Prompt:
Leave out the pictures and repeat every record exactly.

Excerpted data:
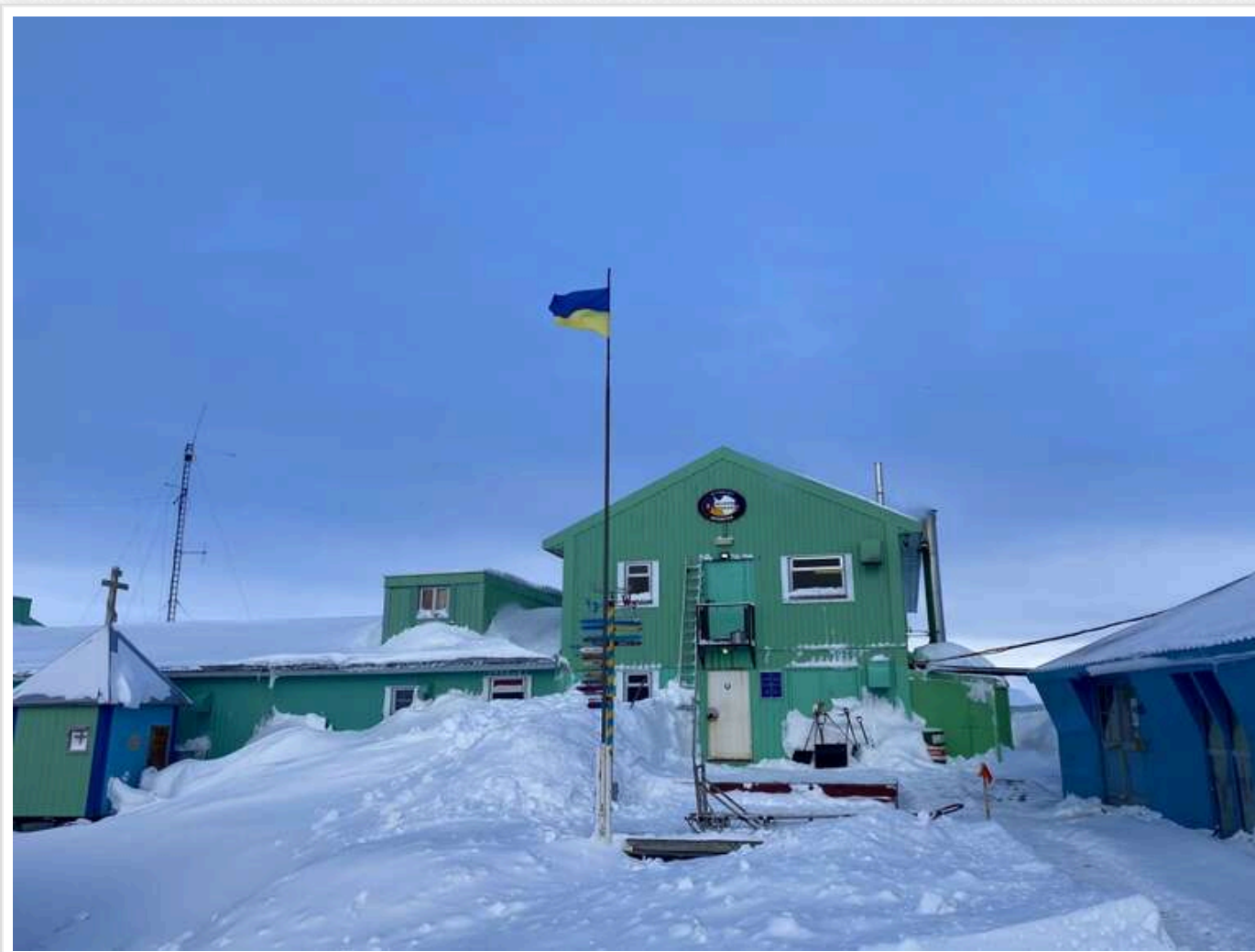
ЗМІ: Національний арктичний науковий центр «злив» 45 мільйонів доларів підряднику, пов'язаному з «гаманцем» Лукашенка

ДБР почало розслідування контрактів на 45 млн доларів ДУ «Національний Антарктичний науковий центр» МОН, який очолює Євген Дикий.
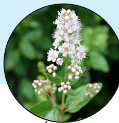
Spirée à larges feuilles Spiraea latifolia
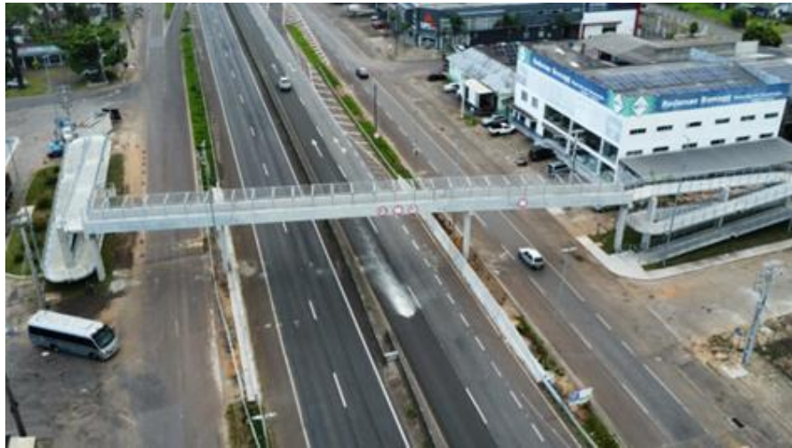
Vista geral da interconexão tipo Trombeta km 023+750.
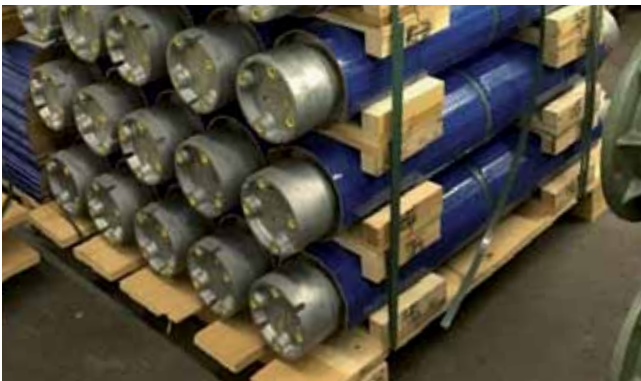
Solider Schutz bei optimierter Packdichte
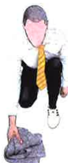
Ramasser la serviette
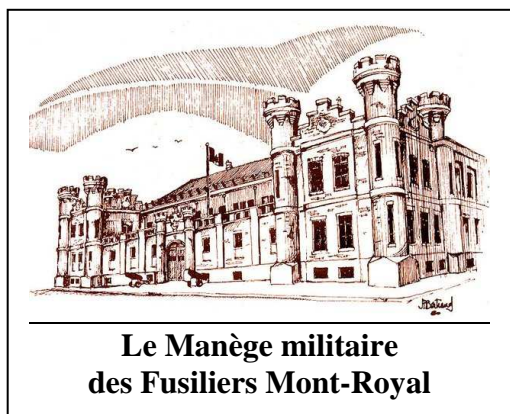
Le Manège militaire des Fusiliers Mont-Royal

Après la Deuxième Guerre, les Fusiliers Mont-Royal redeviennent une unité de la Réserve et au début des années 1950. Ils renflouent les rangs du Royal 22 e Régiment , durant la Guerre de Corée. Ils prendront part également à création de la brigade canadienne stationnée en Allemagne durant la guerre froide.
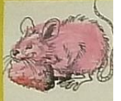
La souris, c'est / souris
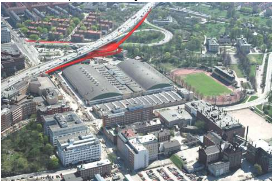
Flygbild mot sydost där förslaget visas med rött (fotomontage: &Rundquist arkitekter)

Planförslaget innebär att den nuvarande trafikplatsen ersätts med en mindre trafikplats, vilken i huvudsak placeras under Essingeledens bro.

Exercise response:
ЗМІ: Національний арктичний науковий центр «злив» 45 мільйонів доларів підряднику, пов'язаному з «гаманцем» Лукашенка

ДБР почало розслідування контрактів на 45 млн доларів ДУ «Національний Антарктичний науковий центр» МОН, який очолює Євген Дикий.
Spirée à larges feuilles Spiraea latifolia
Vista geral da interconexão tipo Trombeta km 023+750.
Solider Schutz bei optimierter Packdichte
Ramasser la serviette
Le Manège militaire des Fusiliers Mont-Royal

Après la Deuxième Guerre, les Fusiliers Mont-Royal redeviennent une unité de la Réserve et au début des années 1950. Ils renflouent les rangs du Royal 22 e Régiment , durant la Guerre de Corée. Ils prendront part également à création de la brigade canadienne stationnée en Allemagne durant la guerre froide.
La souris, c'est / souris
Flygbild mot sydost där förslaget visas med rött (fotomontage: &Rundquist arkitekter)

Planförslaget innebär att den nuvarande trafikplatsen ersätts med en mindre trafikplats, vilken i huvudsak placeras under Essingeledens bro.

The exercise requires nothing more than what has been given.